Carlos Djaló

Personal information
- Date of birth: 12 February 1993 (age 33)
- Place of birth: Guinea-Bissau
- Height: 1.92 m (6 ft 4 in)
- Position: Forward

Youth career
- Fabril

Senior career*
- Years: Team / Apps / (Gls)
- 2014–2015: Valencia Mestalla / 14 / (13)
- 2016: Tourizense / 5 / (1)
- 2016: Besëlidhja / 4 / (1)
- 2017: Tadcaster Albion
- 2017–2018: Romford / 19 / (9)
- Niki Tragano
- Korinthos
- 2019: Pirin Razlog
- 2020: Krško / 2 / (0)
- 2021: CD Jávea / 10 / (2)
- 2022: Botev Vratsa / 4 / (0)

= Carlos Djaló =

Portuguese footballer

Carlos Djaló Só (born 12 February 1993) is a Bissau-Guinean-born Portuguese professional footballer who plays as a forward.

==Career==
In 2014, Djaló trialed for the youth academy of Spanish La Liga side Valencia after playing for London APSA in the English ninth division.

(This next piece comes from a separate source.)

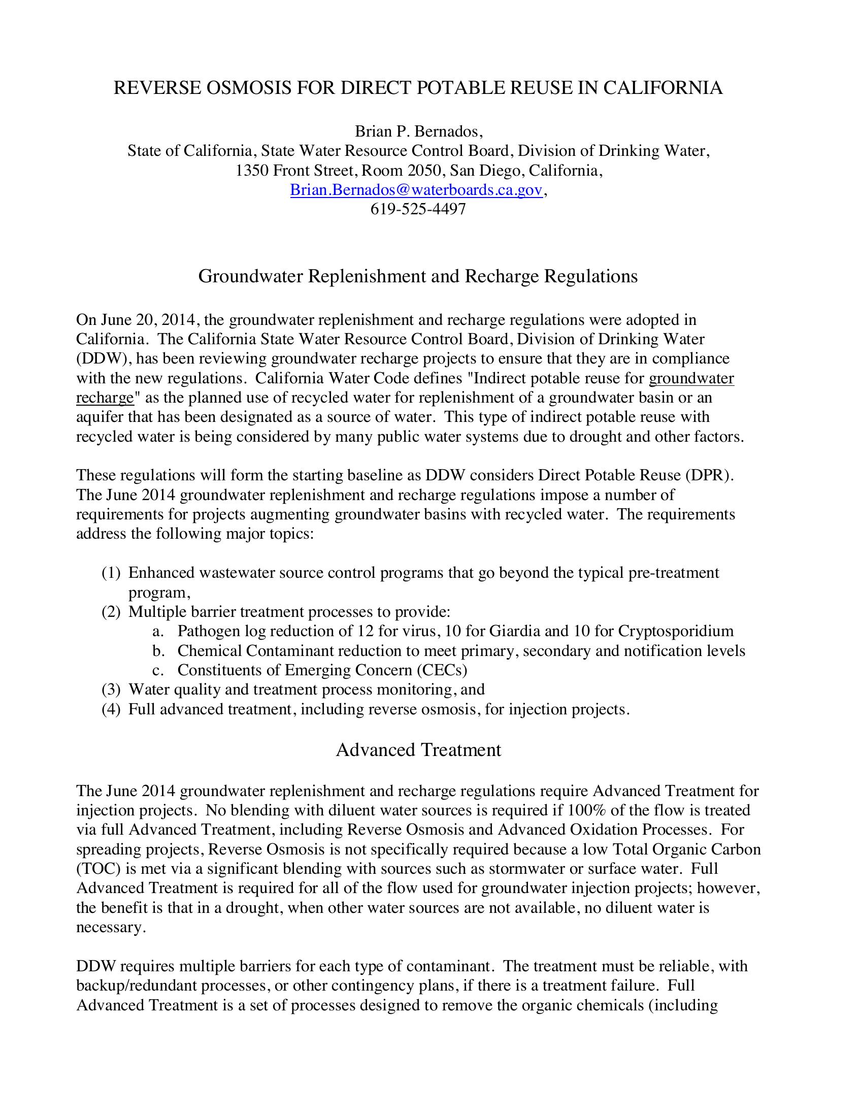 | Keywords | Operations, Research, Permitting, Reverse Osmosis, Regulatory, Reuse |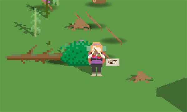 4、點(diǎn)擊樹木會自動砍樹,砍完后點(diǎn)擊掉落到地上的材料撿起。同理,點(diǎn)擊瓜果就可自動走過去采摘。

In 2016, he signed for Albanian second division club Besëlidhja after playing for Tourizense in the Portuguese third division.

In 2019, he signed for Bulgarian lower league team Pirin (Razlog) after playing for Korinthos in the Greek lower leagues.

In 2020, Djaló signed for Slovenian second division outfit Krško.

In 2022, he signed for Asd Vico Equense in Eccellenza Italiana.